The data
____
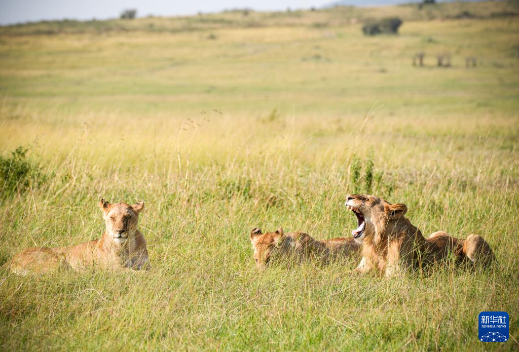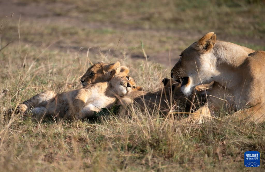 9月1日,在肯尼亚马赛马拉国家保护区,一头母狮(右)带着小狮子在草原上休息。
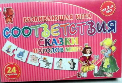 Развивающая игра Соответствия. Сказки народов мира. Для детей от 2 лет. В набор входит 24 карточки. Развивающая игра помогает формированию логического мышления, способствует развитию таких навыков и умений, как сравнение и классификация предметов. Игра устроена по принципу построения (собирания) пазлов.
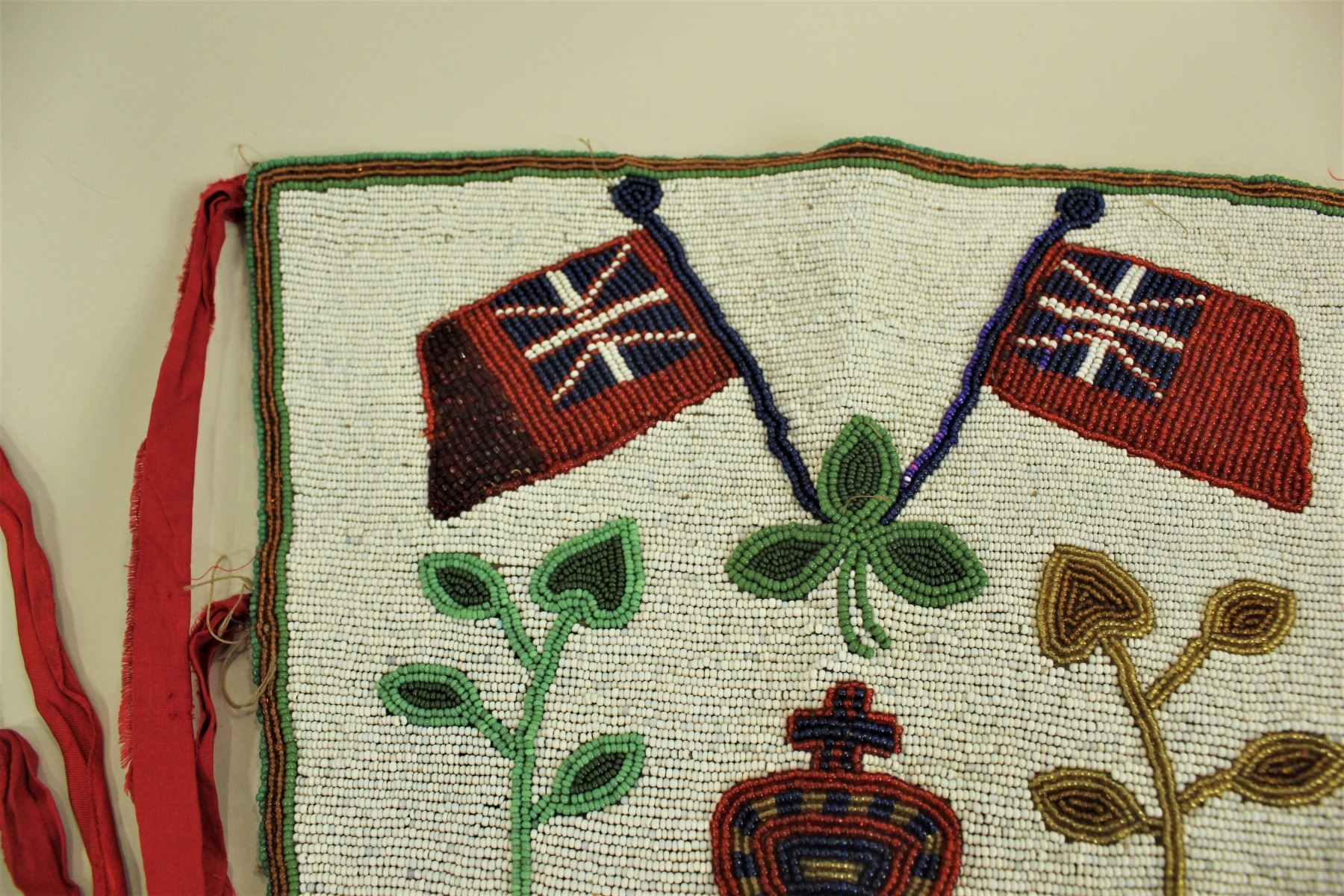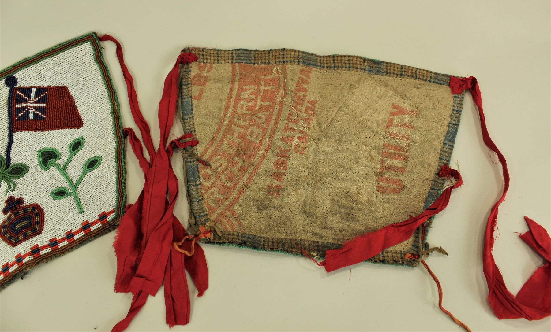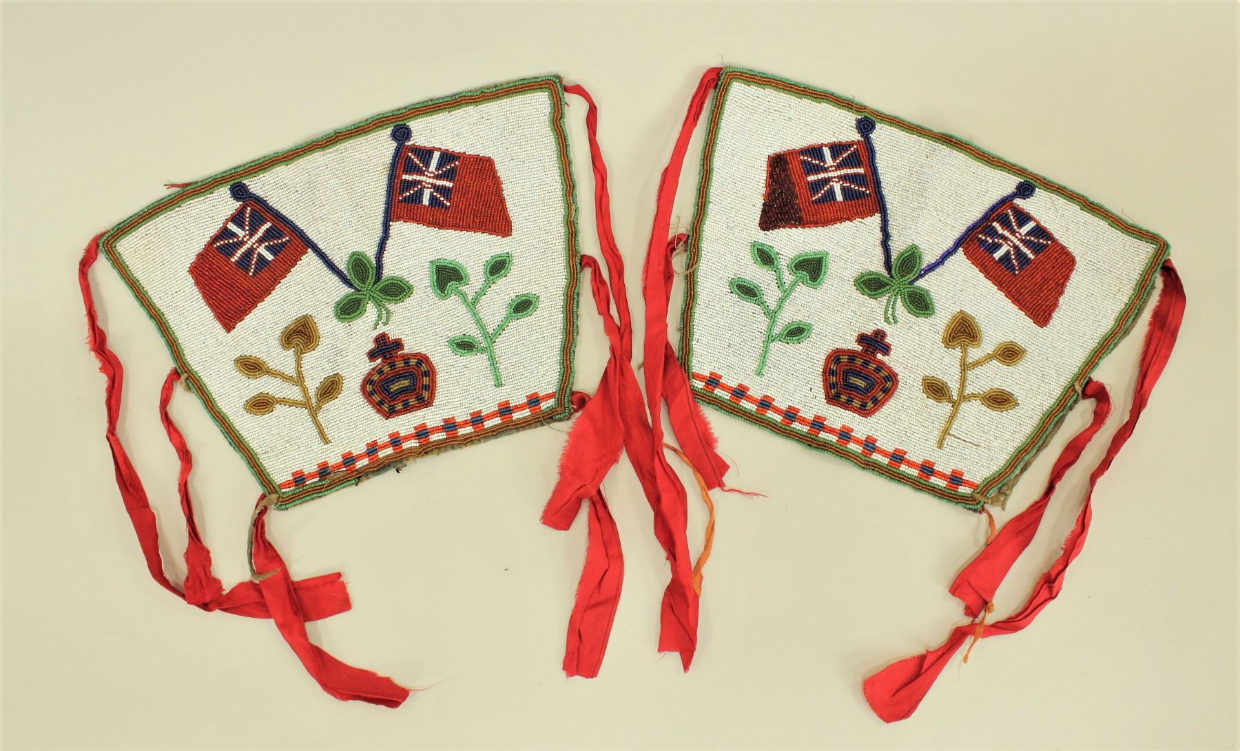 An out of the ordinary item, a pair of Blackfoot Indian beaded leggings made for a Canadian Mounted Soldier with British flags beaded onto a white background with ribbon ties.
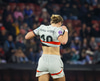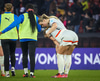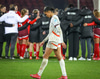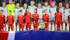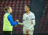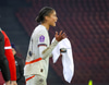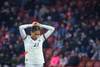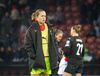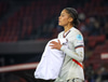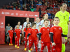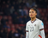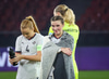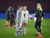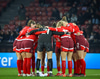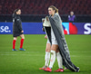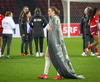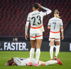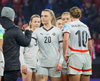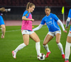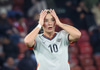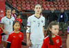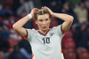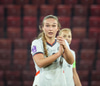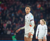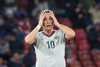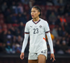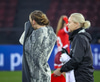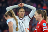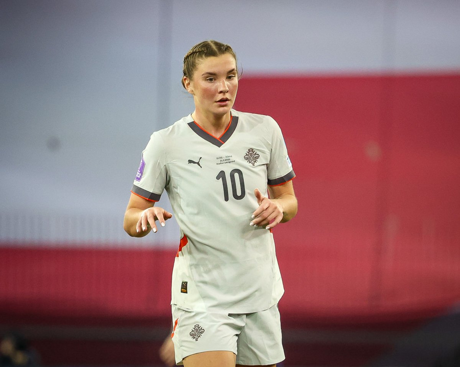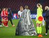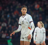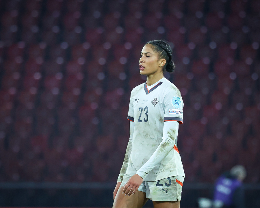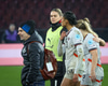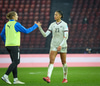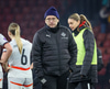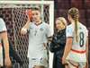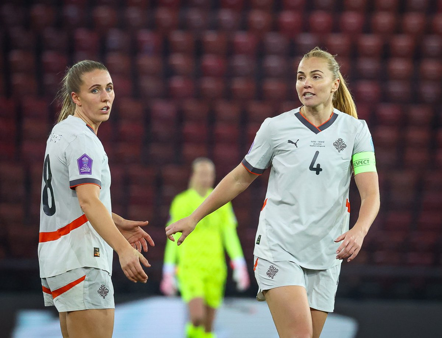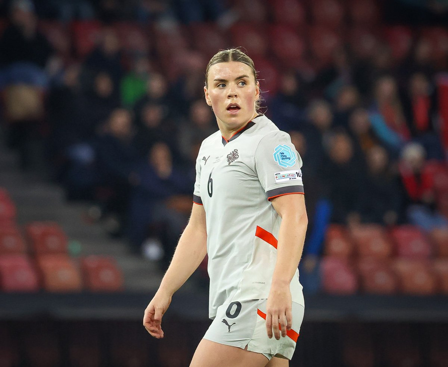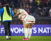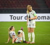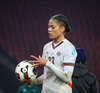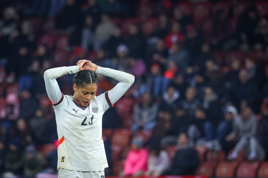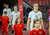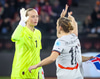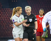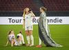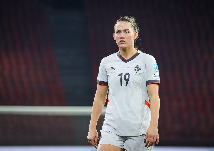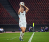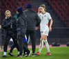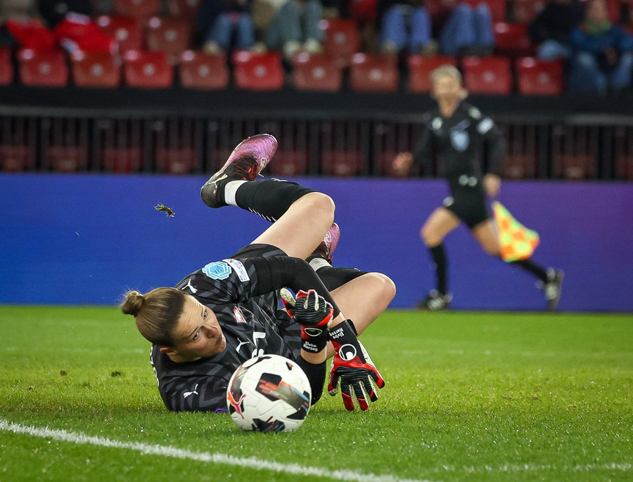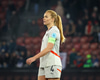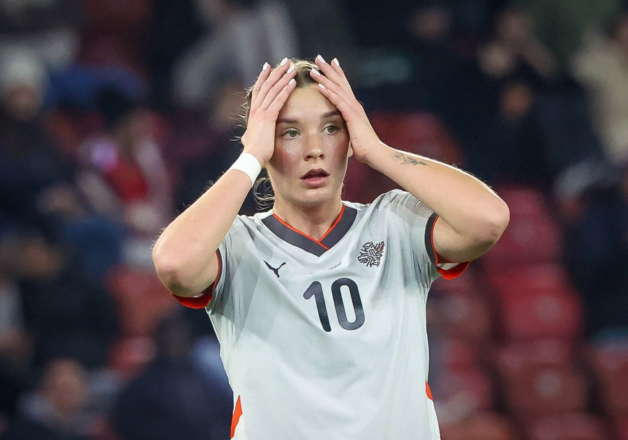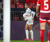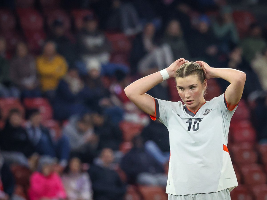 Sveindís Jane fær ekki að taka innkastið og þarf að bíða úti við hliðarlínu. Spes í ljósi þess að hún fékk enga aðhlýningu þegar hún og Luana Buehler skullu saman.
____
Description of the task
Extract only the lines from the line containing "Развивающая игра Соответствия." through the final line of the listing above, unchanged; pictures stay out of the copy.

Output for this task
 Развивающая игра Соответствия. Сказки народов мира. Для детей от 2 лет. В набор входит 24 карточки. Развивающая игра помогает формированию логического мышления, способствует развитию таких навыков и умений, как сравнение и классификация предметов. Игра устроена по принципу построения (собирания) пазлов.
 An out of the ordinary item, a pair of Blackfoot Indian beaded leggings made for a Canadian Mounted Soldier with British flags beaded onto a white background with ribbon ties.
 Sveindís Jane fær ekki að taka innkastið og þarf að bíða úti við hliðarlínu. Spes í ljósi þess að hún fékk enga aðhlýningu þegar hún og Luana Buehler skullu saman.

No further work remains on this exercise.